Required work:
Starting with the line that holds "Dalam [Spesifikasi peranti], lihat" and stopping after the line that holds "Easy and quick", repeat the lines below word for word, without the pictures.

Data for this exercise:
......

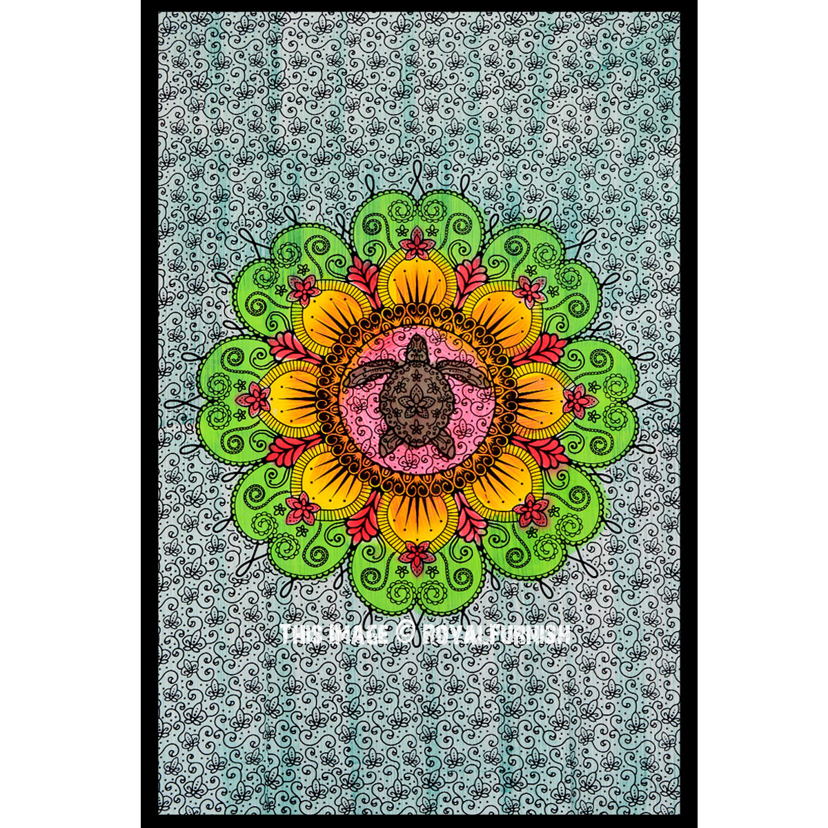 Green Colorful Hand Brushed Sea Turtle Flower Mandala Tapestry Cotton Fabric Wall Hanging Hippie Decor
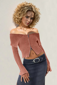 Double Take Ribbed Off-Shoulder Zip Up Long Sleeve Cardigan
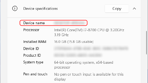 Dalam [Spesifikasi peranti], lihat nama komputer.
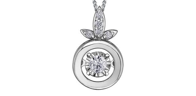 10 Karat White Gold Diamond Drop Pendant Necklace. 0.10 Carat Total Diamond Weight. This pendant comes with an 18 inch 10K white gold chain as shown. Alternate chain length, weight, or style options are available.
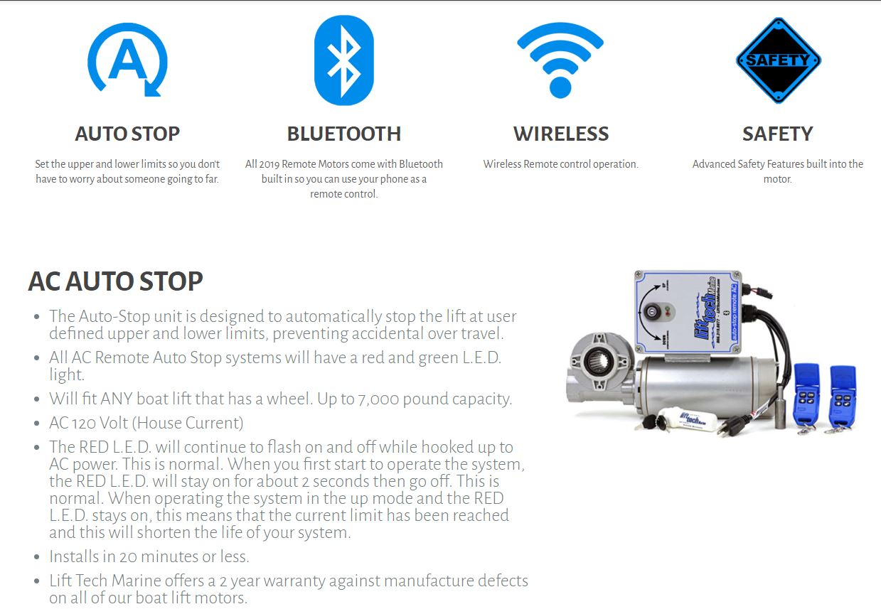 Easy and quick to install, Lift Tech Marine motor units available in AC and DC power options are packed with design features not found with competitors including remote control with bluetooth!
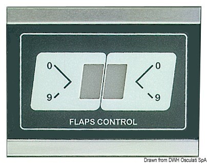 Universale per tutte le marche di Flap. Formato da un pannello che si incassa nel cruscotto + 2 sensori elettronici da fissare sulla poppa in prossimità dei flap. Taratura automatica con auto-apprendimento, alimentazione universale 12/24 V, predisposto per dispositivo di retrazione automatica dei flap allo spegnimento dei motori.
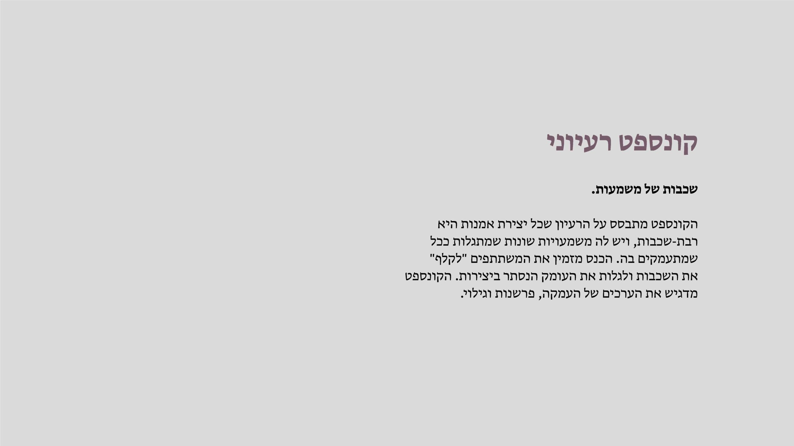 "שכבה שכבה" הוא כנס ייחודי המוקדש לנושא "המשמעות שבאומנות".
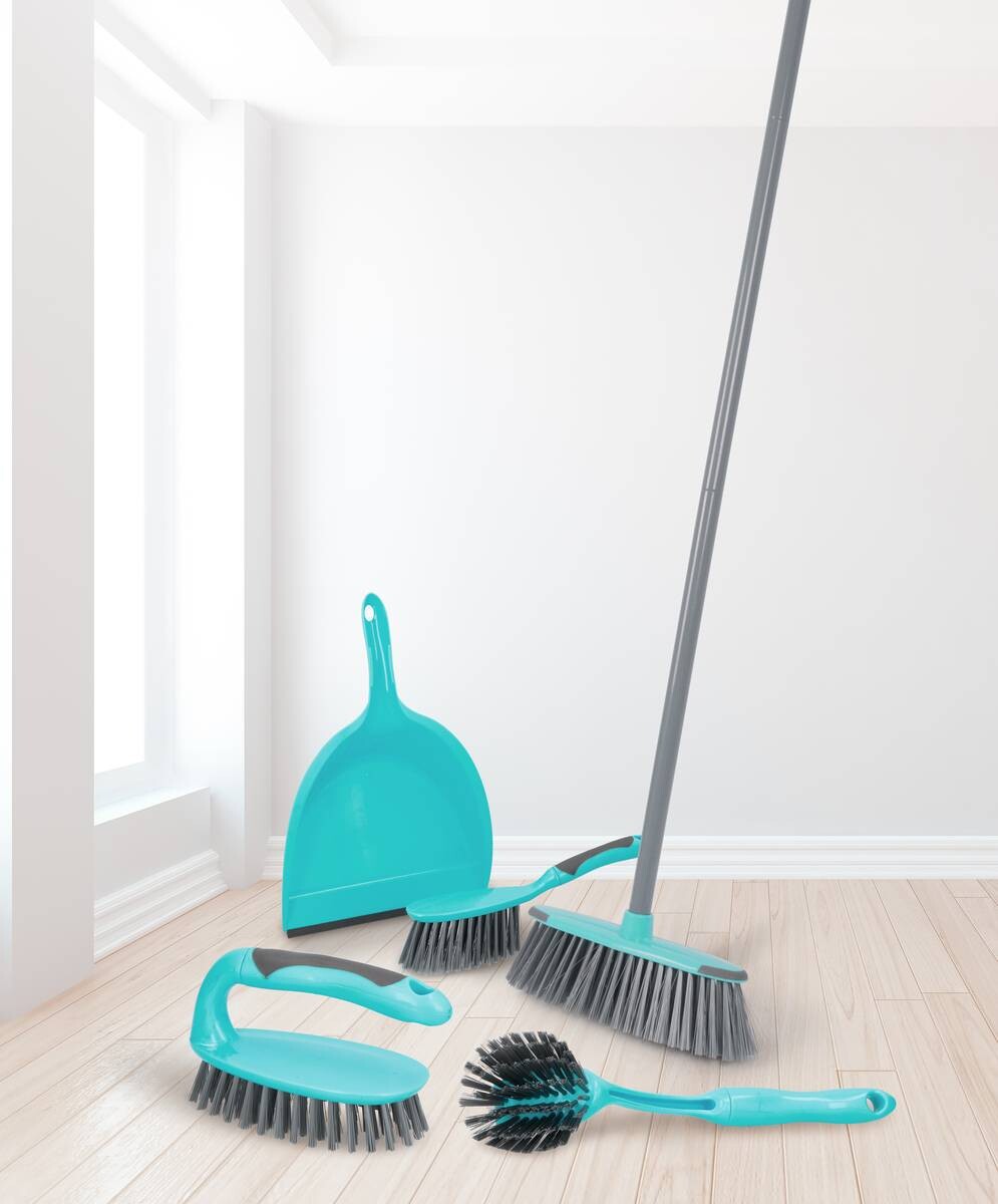 Reinigungsset mit Handfeger, Dose, Besen, Stiel, Handfeger und Spülbürste und somit perfekt für den Einsatz im ganzen Haus und darüber hinaus. Farbe: blau/grau.

......

Answer to this exercise:
 Dalam [Spesifikasi peranti], lihat nama komputer.
 10 Karat White Gold Diamond Drop Pendant Necklace. 0.10 Carat Total Diamond Weight. This pendant comes with an 18 inch 10K white gold chain as shown. Alternate chain length, weight, or style options are available.
 Easy and quick to install, Lift Tech Marine motor units available in AC and DC power options are packed with design features not found with competitors including remote control with bluetooth!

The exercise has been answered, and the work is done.